One beautiful thing about current AI is that this process can handle fuzzy constraints. So you don't have to describe the requirements (constraints) exactly, but it can work with fuzzy sets and constraints (I am using "fuzzy" in the quite broad sense), such as "user can move snake head in 4 directions".

Now, because of this fuzzy reasoning, it can sometimes fail. So the wrong point (source code) can get picked from the fuzzy set that represents "snake game". For example, it can be something buggy or something less like a canonical snake game.

In that case of the failure, you can either sample another datapoint ("write another snake game"), or you can add additional constraints.

Now, the article argues in favor of formal verification, which essentially means, somehow convert all these fuzzy constraints into hard constraints, so then when we get our data point (source code of the snake game), we can verify that it indeeds belongs to the (now exact) set of all snake games.

So, while it can help with the sampling problem, the alignment problem still remains - how can we tell that the AI's (fuzzy) definition of a functional "snake game" is in line with our fuzzy definition? So that is something we don't know how to handle other than iteratively throwing AIs at many problems and slowly getting these definitions aligned with humans.

And I think the latter problem (alignment with humans on definitions) is the real elephant in the room, and so the article is IMHO focusing on the wrong problem by thinking the fuzzy nature of the constraints is the main issue.

Although I think it would definitely be useful if we had a better theoretical grasp on how AI handles fuzzy reasoning. As AI stands now, practicality has beaten theory. (You can formalize fuzzy logic in Lean, so in theory nothing prevents us from specifying fuzzy constraints in a formal way and then solving the resulting constraint problem formally, it just might be quite difficult, like solving an equation symbolically vs numerically.)

Formal verification gets you to deploy with confidence but it's still a snapshot. What happens when real-world inputs drift from what you tested against? The subtler problem is runtime behavioral drift: an agent that's technically correct but consistently misunderstands a whole class of user queries is invisible to any pre-deploy check. Pre-deploy and post-deploy verification are genuinely different problems.
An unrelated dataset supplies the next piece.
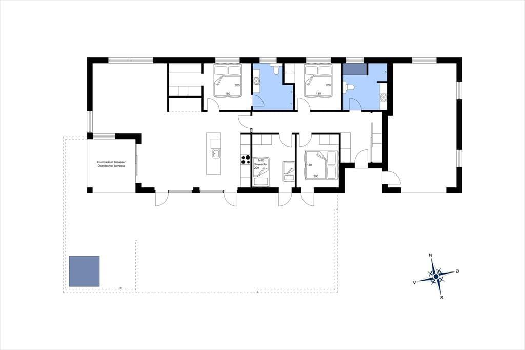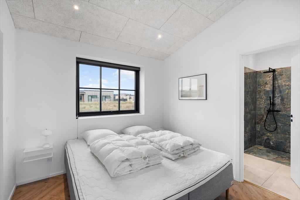 Når du træder ind i dette nyere kvalitetshus, bliver du mødt af et lyst og åbent opholdsmiljø, hvor både stil og funktionalitet er i højsædet. Køkkenet er i åben forbindelse med stuen, hvilket gør det perfekt til fælles madlavning og hyggelige stunder. Her kan du tilberede lækre måltider og samtidig deltage i samtalerne i den rummelige stue, der byder på et fantastisk lysindfald fra de store vinduer. I stuen finder du også en indbydende alkove, hvor du kan slappe af med en god bog eller bare nyde udsigten. Sommerhuset har tre smagfuldt indrettede soveværelser og to moderne badeværelser, så der er rigelig plads til, at familien kan slappe af og nyde tiden sammen. De to badeværelser tilbyder både komfort og funktionalitet, så du nemt kan starte dagen i ro og mag.

One thing that seems under-discussed in this space is the shift from verifying programs to verifying generation processes.

If a piece of code is produced by an agent loop (prompt -> tool calls -> edits -> tests), the real artifact isn’t just the final code but the trace/pipeline that produced it.

In that sense verification might look closer to: checking constraints on the generator (tests/specs/contracts), verifying the toolchain used by the agent, and replaying generation under controlled inputs.

That feels closer to build reproducibility or supply-chain verification than traditional program proofs.

> Google and Microsoft both report that 25–30% of their new code is AI-generated.

I think it's closer to 100%. I don't know anyone who isn't doing 100% ai-generated code. And we don't even code review it because why bother? If there's an error then we just regenerate the code or adjust the prompt.